Related Agreements, etc. (a) The Borrower has heretofore furnished the Administrative Agent a true and correct copy of the Related Agreements; (b) Each Loan Party and, to the Borrower’s knowledge, each other party to the Related Agreements, has duly taken all necessary corporate, partnership or other organizational action to authorize the execution, delivery and performance of the Related Agreements and the consummation of transactions contemplated thereby; (c) The Related Transactions do, as of the Closing Date, and will, after the Closing Date, comply in all material respects with all applicable legal requirements, and all necessary governmental, regulatory, creditor, shareholder, partner and other material consents, approvals and exemptions required to be obtained by the Loan Parties and, to the Borrower’s knowledge, each other party to the Related Agreements in connection with the Related Transactions will be, prior to consummation of the Related Transactions, duly obtained and will be in full force and effect, except to the extent such failure would not result in a Material Adverse Effect.

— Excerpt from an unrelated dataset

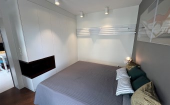 - SYPIALNIA: 7,8 m², łóżko małżeńskie + 2 szafki/półki nocne, duża szafa garderoba w zabudowie, dywanik,

As of the date of the Related Agreements, all applicable waiting periods with respect to the Related Transactions will have expired without any action being taken by any competent Governmental Authority which restrains, prevents or imposes material adverse conditions upon the consummation of the Related Transactions; and (d) The execution and delivery of the Related Agreements did not, and the consummation of the Related Transactions will not, violate in any material respect any statute or regulation of the United States (including any securities law) or of any state or other applicable jurisdiction, or any order, judgment or decree of any court or governmental body binding on any Loan Party or, to the Borrower’s knowledge, any other party to the Related Agreements, or result in a breach of, or constitute a default under, any material agreement, indenture, instrument or other document, or any judgment, order or decree, to which any Loan Party is a party or by which any Loan Party is bound or, to the Borrower’s knowledge, to which any other party to the Related Agreements is a party or by which any such party is bound.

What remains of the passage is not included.